Ну вот прочли мы эти два шпановских толстых «кирпича» и посмотрели друг на друга взглядами долгими, испытующими, и почти хором без запиночки: «Э, пацаны, да ведь у нас почти все точно так же, как в шпановских книгах про Германию! Только у них там «Фюрер» был, а здесь, у нас – «Великий Вождь Народов». У них была лишь только одна партия. А здесь, у нас, что, разве не столько же?»
Если бы тетя моя, Даринъка, узнала, что мы такое обсуждаем, ее, наверное, сразу бы на валерьянку кинуло, и начала бы она потом...
– Таки тебе, кажется, мало, да, что без отца, без матери растешь? Хочешь, чтобы нас забрали, да? Так и получишь «спецдетдом». Добьешься!.. Да за такое меня и тебя в лагерь, за проволоку!
И тут слезы польются, и такое начнется в четырех наших еврейских стенах, что не приведи Господь. Бедная-бедная Даринька... Когда она так говорит, мне самому хочется плакать и из Египта нашего бежать. А если бы она узнала еще, что я уже почти и в школе-то не бываю?! Но для чего туда ходить, если мне так и так придется второгодничать? Пойду работать лучше, зарплату буду приносить домой. А то у Дариньки уже от этой пишущей машинки пальцы распухают. Вообще-то, она – не Даринька, а Доринька, Дебора Шмульевна ее зовут. Но я уж с детства так привык, она меня растила. Отца своего революционера, «Правдиста», я и не видел никогда. Потом узнал, что год 1937 унес его в ладье многоместной, как многих других. А мама моя Сарочка (так ее Доринька называет всегда) от туберкулеза ушла, когда мне всего-то ничего было. И у Дариньки есть тоже в легких какие-то «плохие очаги», и опять же пальцы распухают от машинки пишущей. Нет, чем второгодничать, пойду-ка работать лучше, зарплату приносить домой, а школа... Я в школу вечерней молодежи поступлю. Или не так она называется? «Рабочей молодежи», вот как она называется. В этих «вечерках» запросто учиться, говорят. На всех «контрольных» там учителя сами подходят и помогают. Но, может, лучше в техникум? Там стипендии светят. А еще лучше — в мореходное училище... Форма, брюки «клеш» и все такое!..
Призывный троекратный свист прервал любимое занятие мечтателя. Тетушка покачала головой.
– Ой, да уже иди-иди, пришла твоя шпана!? Твой дедушка, светлая память ему, сейчас в гробу бы трижды перевернулся! Он габэ в синагоге был.

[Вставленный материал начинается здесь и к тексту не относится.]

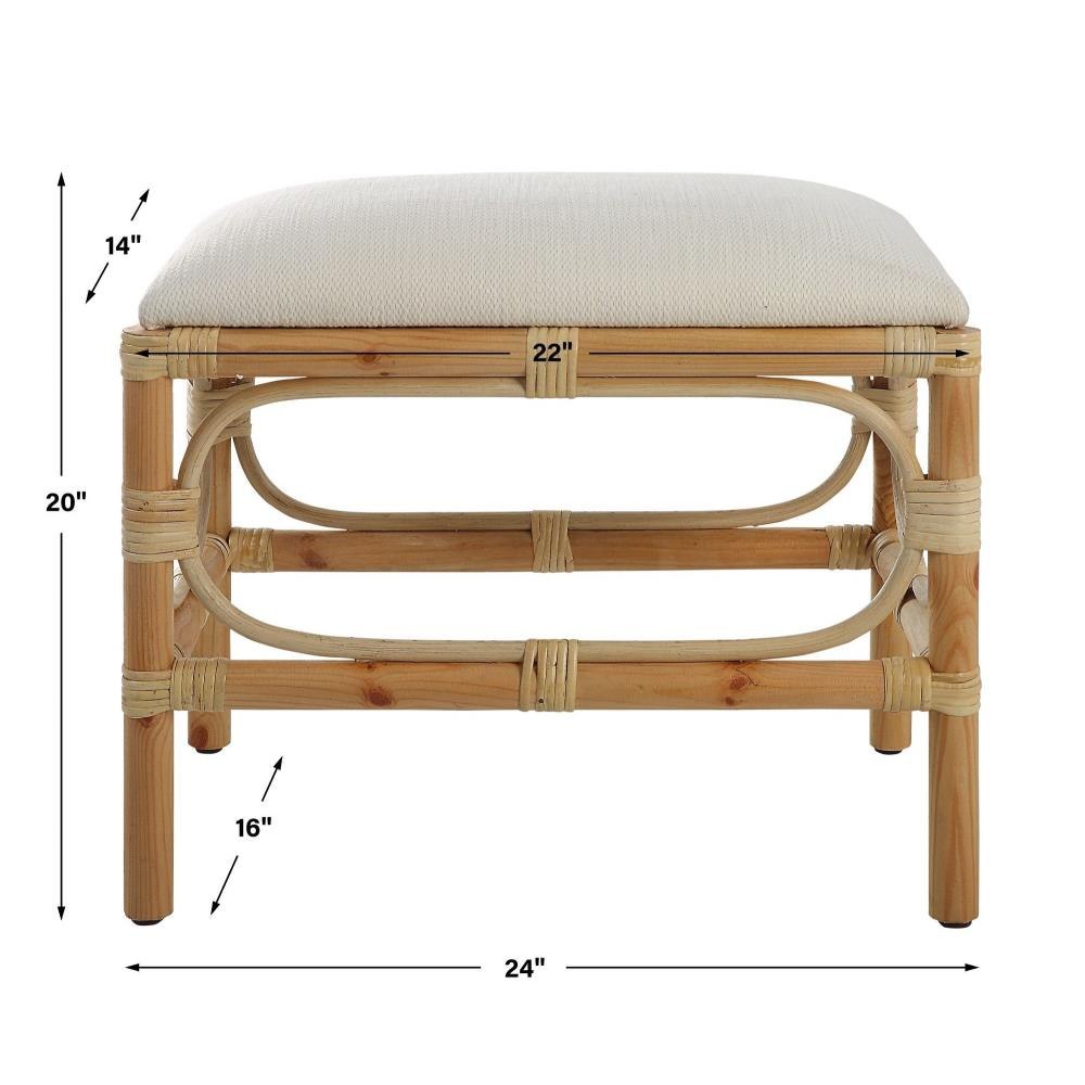 A Refreshing Coastal Accent Featuring A Casual Cotton Blend Navy And White Striped Seat, Over A Naturally Finished Solid Wood Base With Rattan Wrapped Accents. Perfect Doubled Up At The Foot Of A Bed Or Under A Console Table.
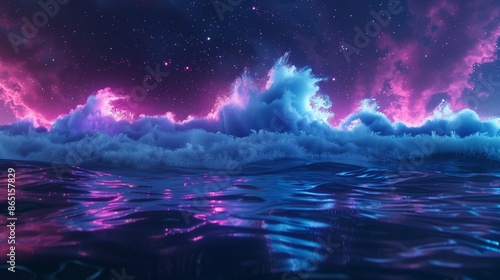 Night fantasy seascape with beautiful waves and foam. Night view of the ocean.
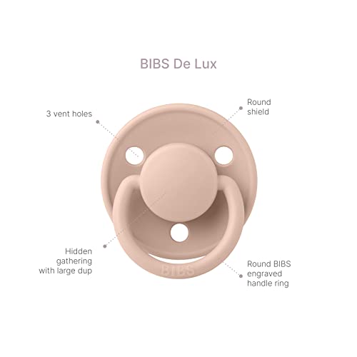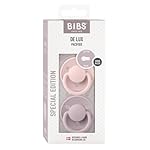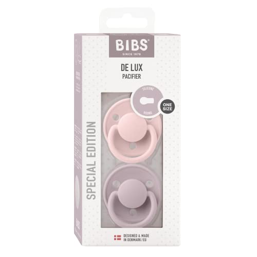 BIBS De Lux Soother 2-Pack, BPA Free Dummy Pacifier, Round Nipple. Silicone, Made in Denmark. 0-36 Months (Pack of 2), Blossom/Dusky Lilac

– Ну, что там? Ну, чего?! – Племянник за друзей своих обиделся, – Какая же «шпана»? Рашид – почти отличник и еще он – комсорг. Акоп – работает. А ты на них...
– Да, я на них!.. А почему ты не отличник?! Ведь у тебя аидише а коп...
Свист повторился.
– Я побежал. Ребята ждут. Не расстраивайся, Даринька...

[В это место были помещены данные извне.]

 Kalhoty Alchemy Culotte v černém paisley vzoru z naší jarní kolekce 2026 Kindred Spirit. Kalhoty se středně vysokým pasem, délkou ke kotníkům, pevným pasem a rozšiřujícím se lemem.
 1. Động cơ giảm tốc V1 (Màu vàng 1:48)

Март в южном городе – уже вполне весна во влажной зелени текучая. Но с моря дул холодный «норд», старался мини смерчи закрутить из уличного мусора, с женскими юбками бесстыдничал, мальчишечье сладострастное внимание привлекая: «Смотри, какие ноги волосатые у той! А у этой, глянь, что за корма!..»

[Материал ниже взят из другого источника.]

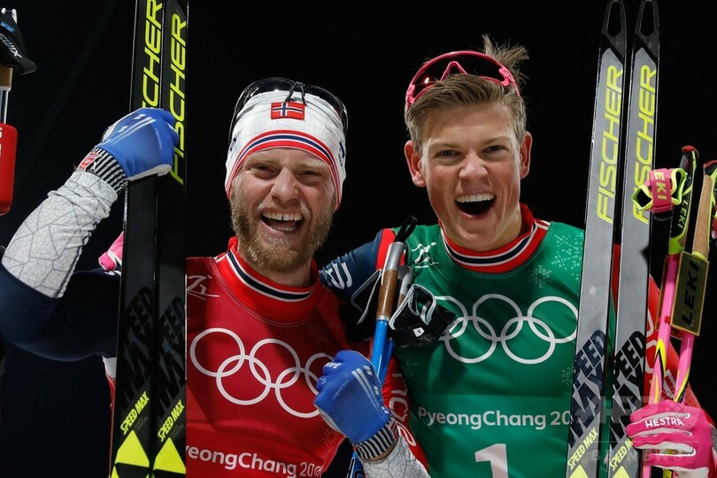男子チームスプリントは、ノルウェーのマルティン・ヨンスル・スンビ(Martin Johnsrud Sundby)/ハンネス・ヘスフロト・クレボ(Johannes Hoesflot Klaebo)組が、2位に入ったOAR(ロシアからの五輪選手)ペアに1秒71差をつけて金メダルに輝いた。3位にはフランスが入った。(c)AFP
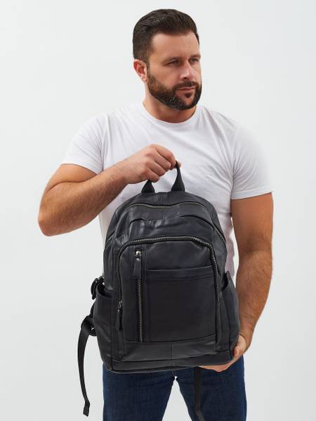 The PouchMan men's black leather laptop backpack is the ultimate blend of style, functionality, and durability. Crafted from premium full-grain cowhide leather, known for its strength, suppleness, and lasting quality, this backpack is designed for the modern professional, student, or traveler. Its generous 21L capacity (44*36*15 cm) comfortably accommodates a 15.6-inch laptop, tablet, A4 documents, and all your daily essentials.
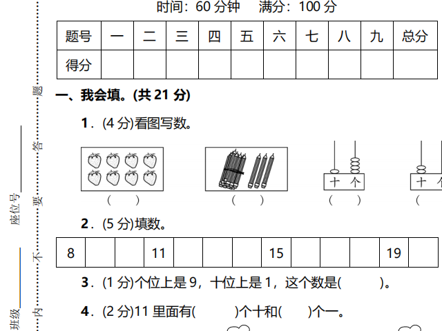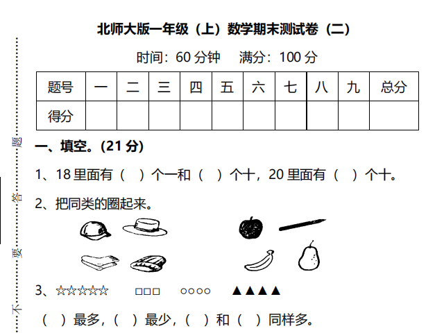【小学数学】一年级上册期末测试卷(三)及答案(北师大版)

– Чего случилось?! – накинулся я на Рашида и Окопа
Друзья переглянулись.
– Ты чего, не знаешь ничего? «Хозяин» умер! «Чопур-Ёська».
Мне оставалось только промолчать, чтобы свыкнуться с этой ошеломительной новостью. Вот, когда я пожалел по-настоящему, что дома тарелка черная, наш старый репродуктор, не работает, и газеты мы не выписываем, потому как дорого. Да ради такого случая!..
Акоп с Рашидом посмотрели друг на друга, покивали согласно.
– Так что, тебя мы поздравляем, Фимка. С тебя, как говорится, магарыч! Пачку «Казбека» покупаешь.
– Почему это с меня?
– А потому!.. «Хозяин» вашу нацию собрался в «спецпоезда» затолкать, ну, и – в Сибирь, в лагеря, поближе к вашему Биробиджану!..
– Чего глазами хлопаешь?
– А почему только сейчас мне говорите?
– Потому, что мы бы тебя спрятали. В подвале трехэтажки, под Рашидом...
– Там есть подвал?
– Там прятали армян в пятом году.
Неужели «Чопур-Ёська» сделал бы это? Фима припомнил, – да, какую-то тревожность дома он улавливал.
Поэтому, наверное, и объявила тетя, будто какой-то треп по городу гуляет. «Ты пока в школу не ходи». Чему потенциальный второгодник, конечно, и обрадовался сразу же.
– Ну, ладно, чего стоим?
– Пошли позырим, что, где в городе творится.
Ну, и пошли.
Ходили «Мы» тогда легко и много. Уж не поэтому ли возраст тот и называется —«переходный»? На улице «Торговой», наш «Бродвей», где мы любили пошататься вечерами, было пусто, и никаких примет великого события не наблюдалось.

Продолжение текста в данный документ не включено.